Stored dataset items
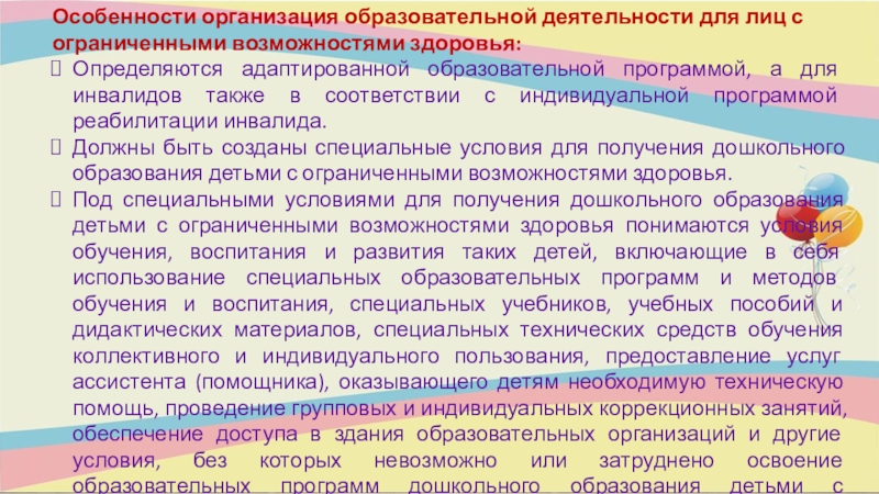 Слайд 18Особенности организация образовательной деятельности для лиц с ограниченными возможностями здоровья:
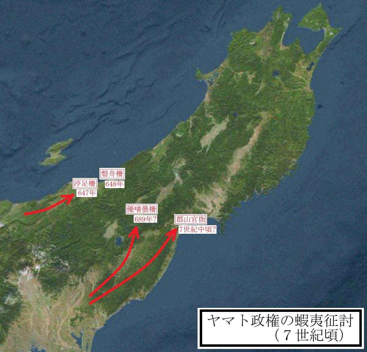 そこで、ヤマト政権は、当時未開の地であった東北に目を向け、越後平野北半と仙台平野からの北上を目指し、大化3年(647年)に越国渟足柵(現在の新潟市)を、大化4年(648年)には磐舟柵(現在の新潟県村上市)を設置するなど相次いで城柵官衙を設置し、その周辺に大量の移民を送り込むこと繰り返し、ヤマト政権の勢力範囲を拡大させていきました(日本書紀)。
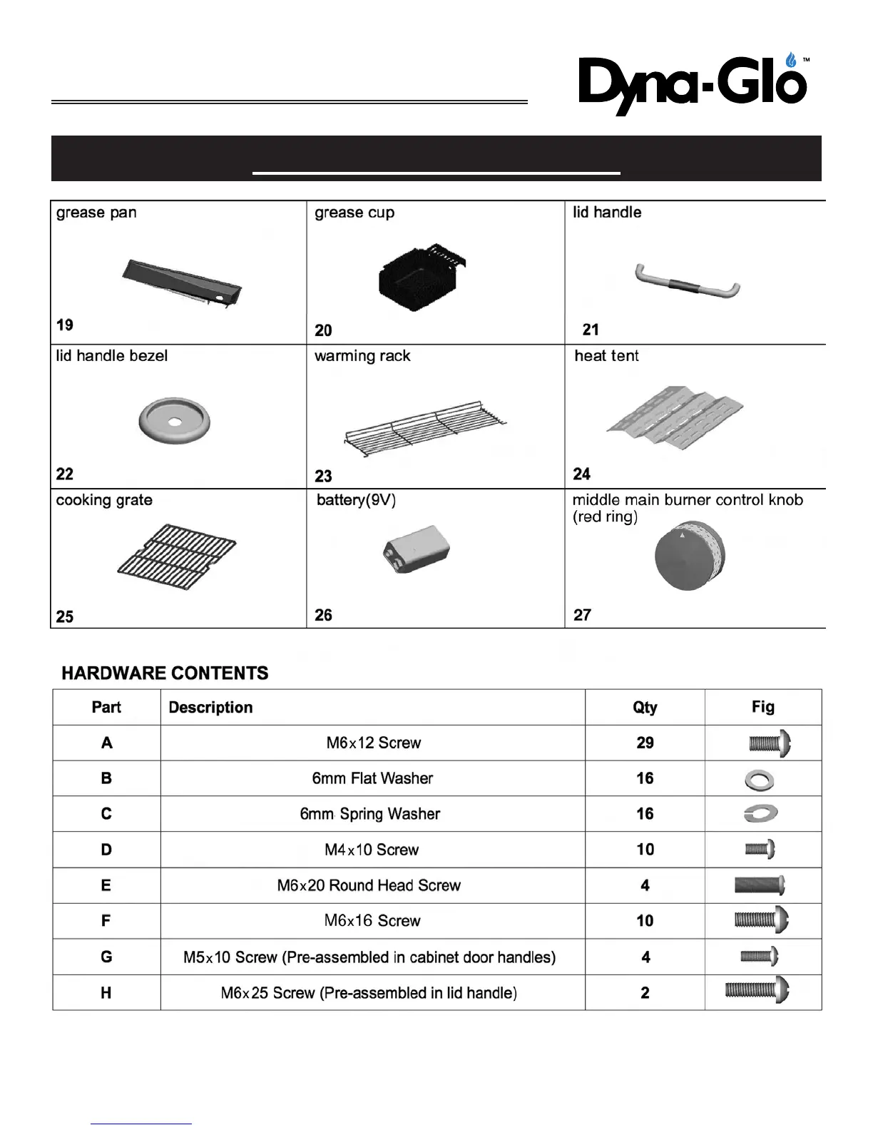 Dyna-Glo DGP480CSP - Hardware Contents
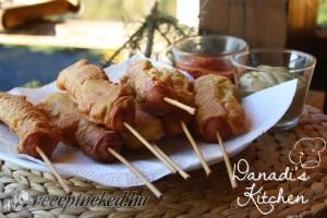 Hozzávalók: 7 dkg finom liszt 7 dkg kukorica liszt 4 g szárított élesztő 1 tojás 1 dl tej kevés cukor só virsli pálcika Elkészítése: A tejet megmelegítjük, megszórjuk cukorral, majd beleütjük a tojást és megszórjuk az élesztővel. A liszteket összekeverem, sózom, végül elkeverem a “nedves” hozzávalókkal. Ezt a masszát (palacsinta tésztát) egy magas falú pohárba […]
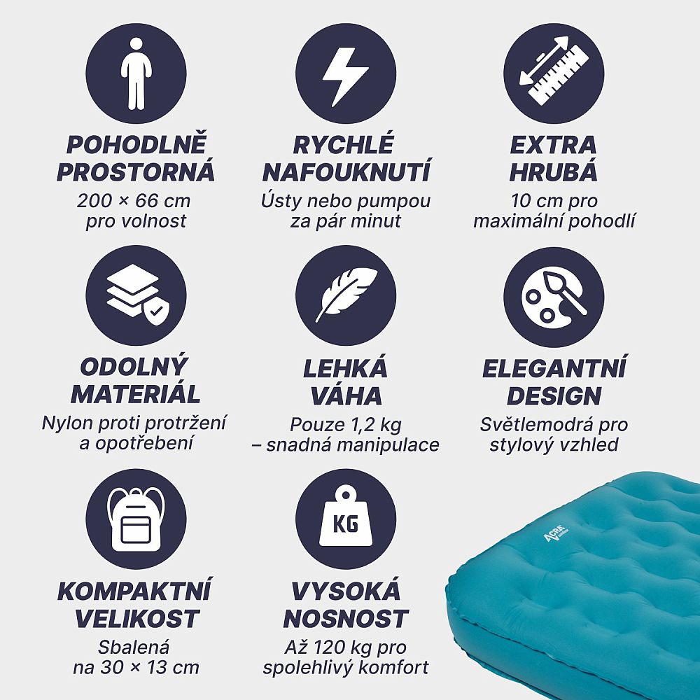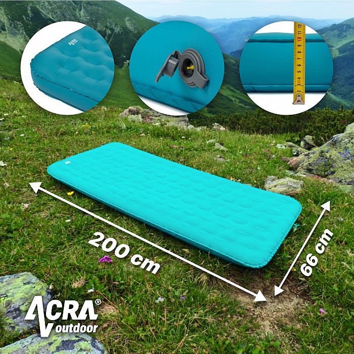 Popis: ACRA L140MO Komfortná nafukovacia karimatka modrá 10cm a dĺžkou 200cm
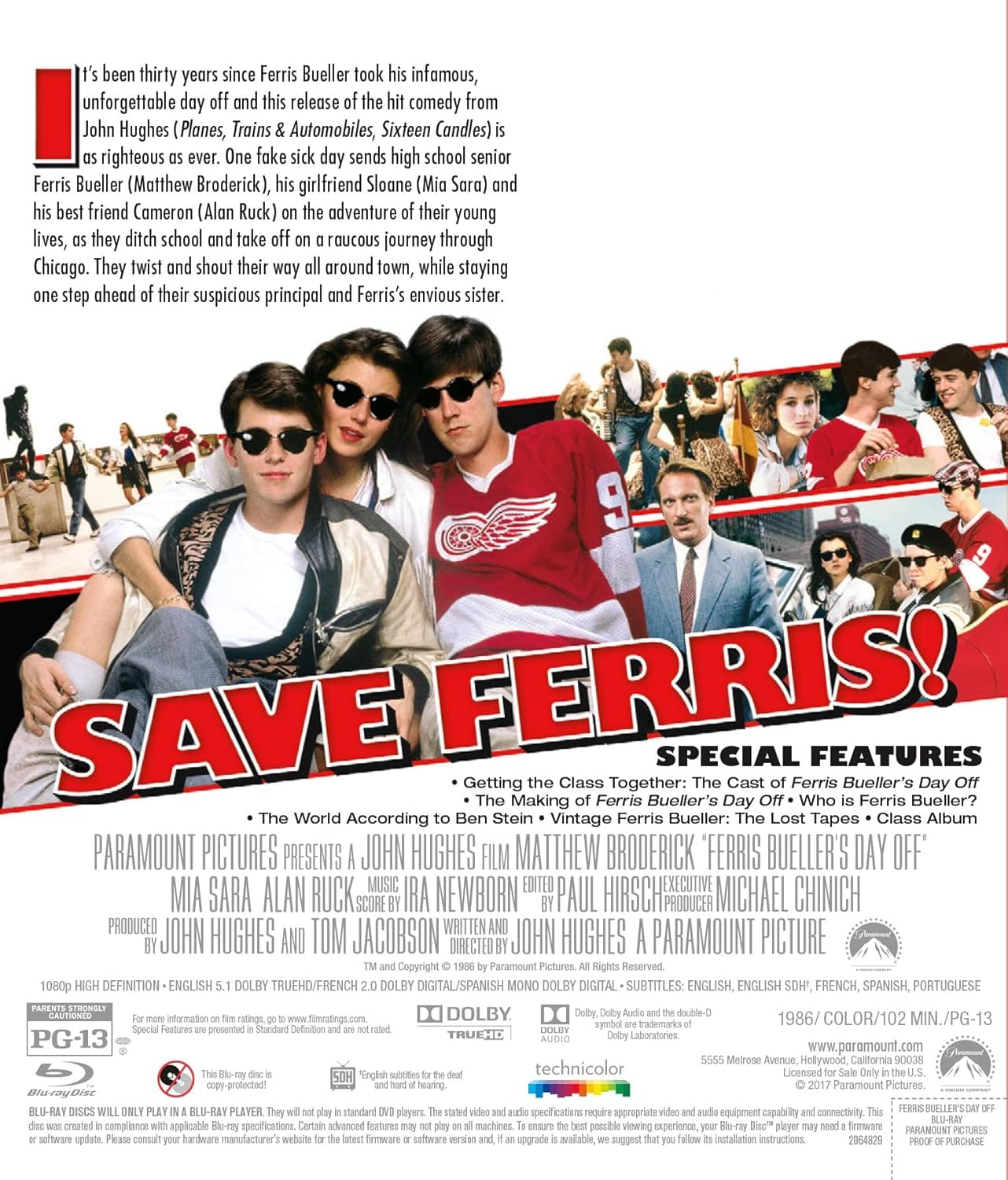 Ferris Bueller, a high school student, fakes sickness to stay at home and spends the rest of the day with his best friend and girlfriend. Meanwhile, his dean tries to spy on him. Ferris Bueller’s Day Off Blu-ray
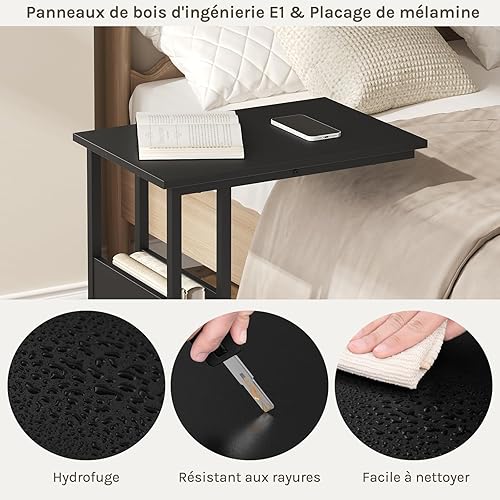 WOLTU Table Bout de canapé Table Basse à thé en métal et aggloméré, Noir TS79sz
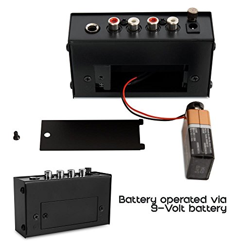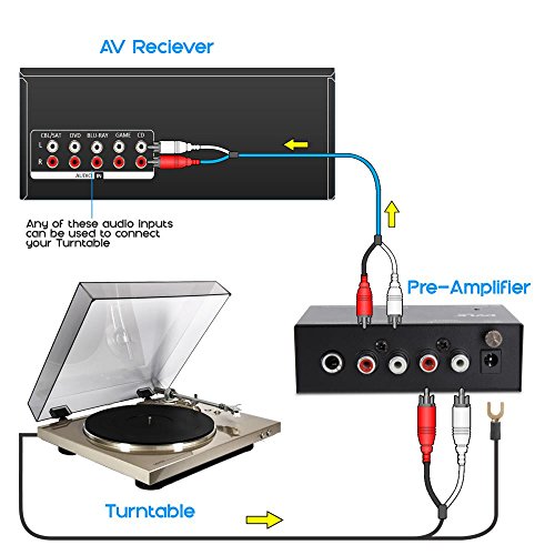 SIMPLE PLUG & PLAY: This mini preamp has stereo RCA inputs and stereo RCA outputs. Connect the turntable to the RCA inputs and ground. Then, connect the amplifier receiver to the RCA outputs. Can also be powered with 9V battery.
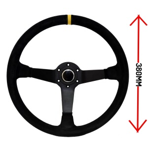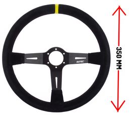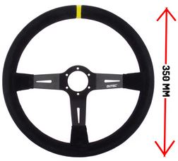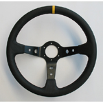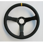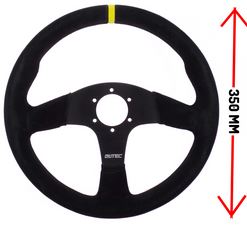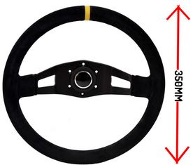 Suede, 3 spaaks (zwarte spaak), 70mm verdiept.Diam: 350mmIncl. stuurring en claxon!
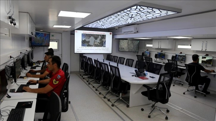 Yangın bölgesinin değerlendirmelerini ve merkeze ulaşan görüntüleri anında canlı yayınlarla söndürme çalışmasına katılan ilgililere aktaran merkezin çalışmalarını, Anadolu Ajansı (AA) ekibi görüntüledi.
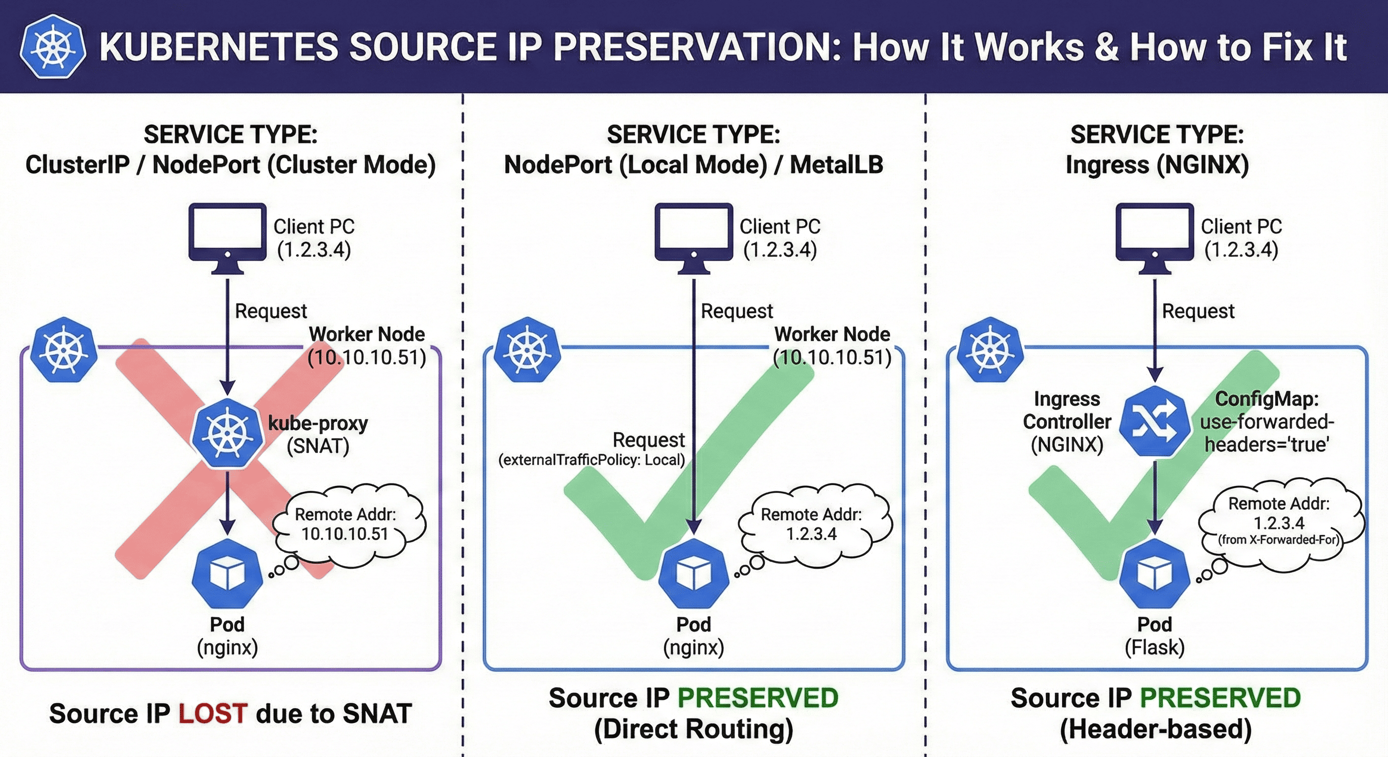 또한 실습을 통해 실제 요청 시 IP가 어떻게 보이는지, 어떻게 보존할 수 있는지를 확인하는 과정을 Flask 앱과 MetalLB + Ingress-NGINX 조합을 이용한 실습을 통해 다룬다.
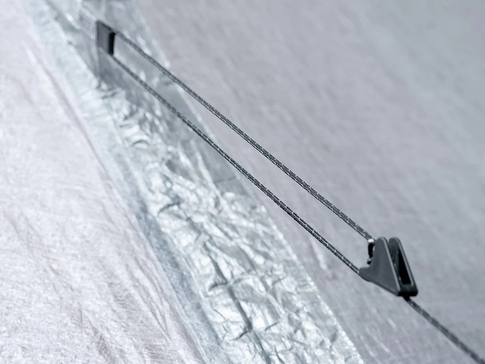 Ce vestibule est robuste, il est réalisé en Dyneema Composite Fabric de 18 g/m² et de 34 g/m² pour la jupe de neige (Colonne d’eau 20 000mm). La structure est constituée par un arceaux DAC FeatherLite NFL de 8,7 mm. Pour l’ancrage, la Samaya 2.5 Vestibule Nylon est fourni avec les toutes dernières sardines en plastique incassables de SwissPiranha.
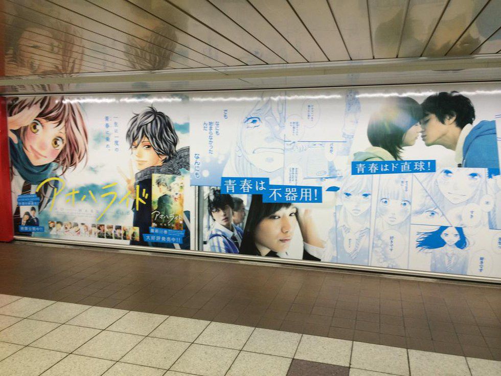 Ao Haru Ride live action movie advertisements on the walls of an underpass in Shinjuku Station, Tokyo.
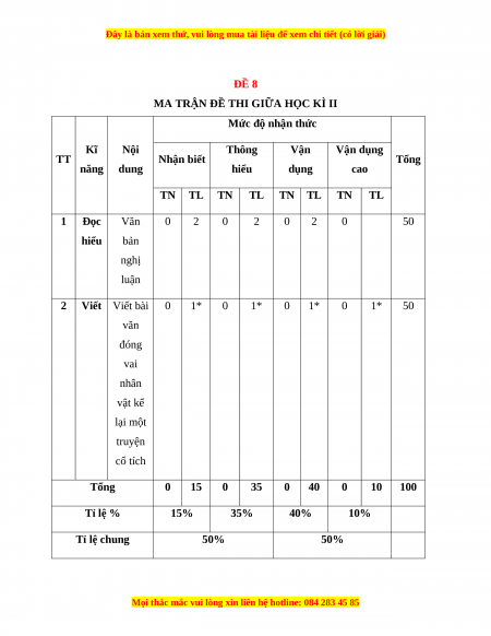 Mức độ nhận thức Kĩ Nội Thông Vận Vận dụng TT Nhận biết Tổng năng dung hiểu dụng cao TN TL TN TL TN TL TN TL 1 Đọc Văn 0 2 0 2 0 2 0 50 hiểu bản nghị luận 2 Viết Viết bài 0 1* 0 1* 0 1* 0 1* 50 văn đóng vai nhân vật kể lại một truyện cổ tích Tổng 0 15 0 35 0 40 0 10 100 Tỉ lệ % 15% 35% 40% 10% Tỉ lệ chung 50% 50%
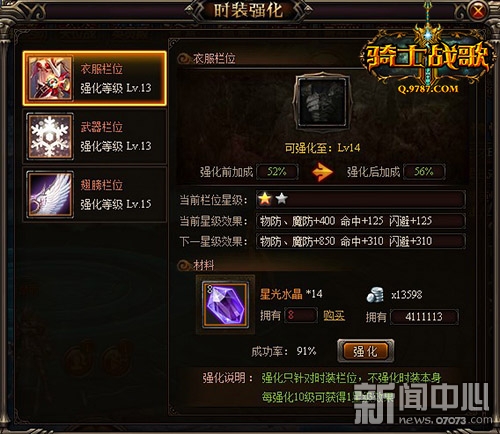 ¡¡¡¡È«ÐÂʱװǿ»¯ÏµÍ³²ÉÓöÀÌØµÄÇ¿»¯Ä£Ê½£¬Ç¿»¯¹ý³Ì²¢²»ÊÇÖ±½ÓÇ¿»¯Ê±×°±¾Éí£¬¶øÊÇÕë¶ÔʱװÀ¸½øÐÐÇ¿»¯£¬ËùÓеÄÇ¿»¯ÊôÐÔ½«ÔÚ×°±¸À¸ÉϽøÐÐÏÔʾ¡£ÕâÑùµÄÇ¿»¯Ä£Ê½½«´ó´ó¼õÉÙÍæ¼ÒÔÚ¸ü»»Ê±×°Ê±ËùÐèÒªÏûºÄµÄÇ¿»¯²ÄÁÏ£¬ÕæÕýµÄ×öµ½Ê±×°Ç¿»¯µÄ±£Öµ£¡
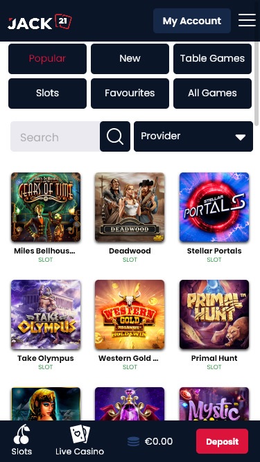كازينو Jack21 مدعوم من Microgaming, Net Entertainment, BetSoft, 1x2gaming, Big Time Gaming, ELK Studios, Evolution Gaming, Ezugi, Genesis Gaming, Habanero Systems, iSoftBet, Oryx, Play'n GO, playson, Quickspin, Rabcat, Relax Gaming, Thunderkick, Vivo Gaming, Yggdrasil, Endorphina, Wazdan, GameArt, Betgames, Booming Games, Pragmatic Play, Nolimit City, Red Tiger Gaming, Spinomenal, Fugaso, Kalamba, Triple Edge Studios, Northern Lights Gaming, Evoplay, Stormcraft Studios, Switch Studios, OneTouch, Pocket Games Soft, Triple PG, All41 Studios, Gameburger Studios, Pulse 8 Studios, Neon Valley Studios, Golden Rock Studios, SpinPlay Games, Caleta Gaming, Games Global, Amusnet Interactive, Wizard Games, 2by2 Gaming, Blueprint Gaming, Pariplay, Push Gaming, Tom Horn Gaming, Gamomat, Xplosive Slots, Reel Time Gaming, BF Games, betiXon, HollywoodTV, Ganapati, Iron Dog Studio, Old Skool Studios, Foxium, Just For The Win, Slingshot Studios, Fortune Factory Studios, 4ThePlayer, AvatarUX, SlotVision, Alchemy Gaming, Snowborn Games, Hacksaw Gaming, Half Pixel Studios, Eurostar Studios and PlayAce ، ويستخدم الموقع منصةً إلكترونيةً لتوزيع ألعابه. يتميز الموقع بتصميمه الرائع وسهولة تصفحه، ولم أواجه أي صعوبة في العثور على الألعاب التي أرغب في لعبها. يدعم Jack21 الهواتف المحمولة، ما يتيح لك اللعب عبر هاتفك الذكي أو جهازك اللوحي.المقامرة المسؤولة ودعم العملاء والأمان

*What you are asked to do:* Every entry should be repeated verbatim, with the pictures left out.

*Reply to the task:*
 Слайд 18Особенности организация образовательной деятельности для лиц с ограниченными возможностями здоровья:
 そこで、ヤマト政権は、当時未開の地であった東北に目を向け、越後平野北半と仙台平野からの北上を目指し、大化3年(647年)に越国渟足柵(現在の新潟市)を、大化4年(648年)には磐舟柵(現在の新潟県村上市)を設置するなど相次いで城柵官衙を設置し、その周辺に大量の移民を送り込むこと繰り返し、ヤマト政権の勢力範囲を拡大させていきました(日本書紀)。
 Dyna-Glo DGP480CSP - Hardware Contents
 Hozzávalók: 7 dkg finom liszt 7 dkg kukorica liszt 4 g szárított élesztő 1 tojás 1 dl tej kevés cukor só virsli pálcika Elkészítése: A tejet megmelegítjük, megszórjuk cukorral, majd beleütjük a tojást és megszórjuk az élesztővel. A liszteket összekeverem, sózom, végül elkeverem a “nedves” hozzávalókkal. Ezt a masszát (palacsinta tésztát) egy magas falú pohárba […]
 Popis: ACRA L140MO Komfortná nafukovacia karimatka modrá 10cm a dĺžkou 200cm
 Ferris Bueller, a high school student, fakes sickness to stay at home and spends the rest of the day with his best friend and girlfriend. Meanwhile, his dean tries to spy on him. Ferris Bueller’s Day Off Blu-ray
 WOLTU Table Bout de canapé Table Basse à thé en métal et aggloméré, Noir TS79sz
 SIMPLE PLUG & PLAY: This mini preamp has stereo RCA inputs and stereo RCA outputs. Connect the turntable to the RCA inputs and ground. Then, connect the amplifier receiver to the RCA outputs. Can also be powered with 9V battery.
 Suede, 3 spaaks (zwarte spaak), 70mm verdiept.Diam: 350mmIncl. stuurring en claxon!
 Yangın bölgesinin değerlendirmelerini ve merkeze ulaşan görüntüleri anında canlı yayınlarla söndürme çalışmasına katılan ilgililere aktaran merkezin çalışmalarını, Anadolu Ajansı (AA) ekibi görüntüledi.
 또한 실습을 통해 실제 요청 시 IP가 어떻게 보이는지, 어떻게 보존할 수 있는지를 확인하는 과정을 Flask 앱과 MetalLB + Ingress-NGINX 조합을 이용한 실습을 통해 다룬다.
 Ce vestibule est robuste, il est réalisé en Dyneema Composite Fabric de 18 g/m² et de 34 g/m² pour la jupe de neige (Colonne d’eau 20 000mm). La structure est constituée par un arceaux DAC FeatherLite NFL de 8,7 mm. Pour l’ancrage, la Samaya 2.5 Vestibule Nylon est fourni avec les toutes dernières sardines en plastique incassables de SwissPiranha.
 Ao Haru Ride live action movie advertisements on the walls of an underpass in Shinjuku Station, Tokyo.
 Mức độ nhận thức Kĩ Nội Thông Vận Vận dụng TT Nhận biết Tổng năng dung hiểu dụng cao TN TL TN TL TN TL TN TL 1 Đọc Văn 0 2 0 2 0 2 0 50 hiểu bản nghị luận 2 Viết Viết bài 0 1* 0 1* 0 1* 0 1* 50 văn đóng vai nhân vật kể lại một truyện cổ tích Tổng 0 15 0 35 0 40 0 10 100 Tỉ lệ % 15% 35% 40% 10% Tỉ lệ chung 50% 50%
 ¡¡¡¡È«ÐÂʱװǿ»¯ÏµÍ³²ÉÓöÀÌØµÄÇ¿»¯Ä£Ê½£¬Ç¿»¯¹ý³Ì²¢²»ÊÇÖ±½ÓÇ¿»¯Ê±×°±¾Éí£¬¶øÊÇÕë¶ÔʱװÀ¸½øÐÐÇ¿»¯£¬ËùÓеÄÇ¿»¯ÊôÐÔ½«ÔÚ×°±¸À¸ÉϽøÐÐÏÔʾ¡£ÕâÑùµÄÇ¿»¯Ä£Ê½½«´ó´ó¼õÉÙÍæ¼ÒÔÚ¸ü»»Ê±×°Ê±ËùÐèÒªÏûºÄµÄÇ¿»¯²ÄÁÏ£¬ÕæÕýµÄ×öµ½Ê±×°Ç¿»¯µÄ±£Öµ£¡
كازينو Jack21 مدعوم من Microgaming, Net Entertainment, BetSoft, 1x2gaming, Big Time Gaming, ELK Studios, Evolution Gaming, Ezugi, Genesis Gaming, Habanero Systems, iSoftBet, Oryx, Play'n GO, playson, Quickspin, Rabcat, Relax Gaming, Thunderkick, Vivo Gaming, Yggdrasil, Endorphina, Wazdan, GameArt, Betgames, Booming Games, Pragmatic Play, Nolimit City, Red Tiger Gaming, Spinomenal, Fugaso, Kalamba, Triple Edge Studios, Northern Lights Gaming, Evoplay, Stormcraft Studios, Switch Studios, OneTouch, Pocket Games Soft, Triple PG, All41 Studios, Gameburger Studios, Pulse 8 Studios, Neon Valley Studios, Golden Rock Studios, SpinPlay Games, Caleta Gaming, Games Global, Amusnet Interactive, Wizard Games, 2by2 Gaming, Blueprint Gaming, Pariplay, Push Gaming, Tom Horn Gaming, Gamomat, Xplosive Slots, Reel Time Gaming, BF Games, betiXon, HollywoodTV, Ganapati, Iron Dog Studio, Old Skool Studios, Foxium, Just For The Win, Slingshot Studios, Fortune Factory Studios, 4ThePlayer, AvatarUX, SlotVision, Alchemy Gaming, Snowborn Games, Hacksaw Gaming, Half Pixel Studios, Eurostar Studios and PlayAce ، ويستخدم الموقع منصةً إلكترونيةً لتوزيع ألعابه. يتميز الموقع بتصميمه الرائع وسهولة تصفحه، ولم أواجه أي صعوبة في العثور على الألعاب التي أرغب في لعبها. يدعم Jack21 الهواتف المحمولة، ما يتيح لك اللعب عبر هاتفك الذكي أو جهازك اللوحي.المقامرة المسؤولة ودعم العملاء والأمان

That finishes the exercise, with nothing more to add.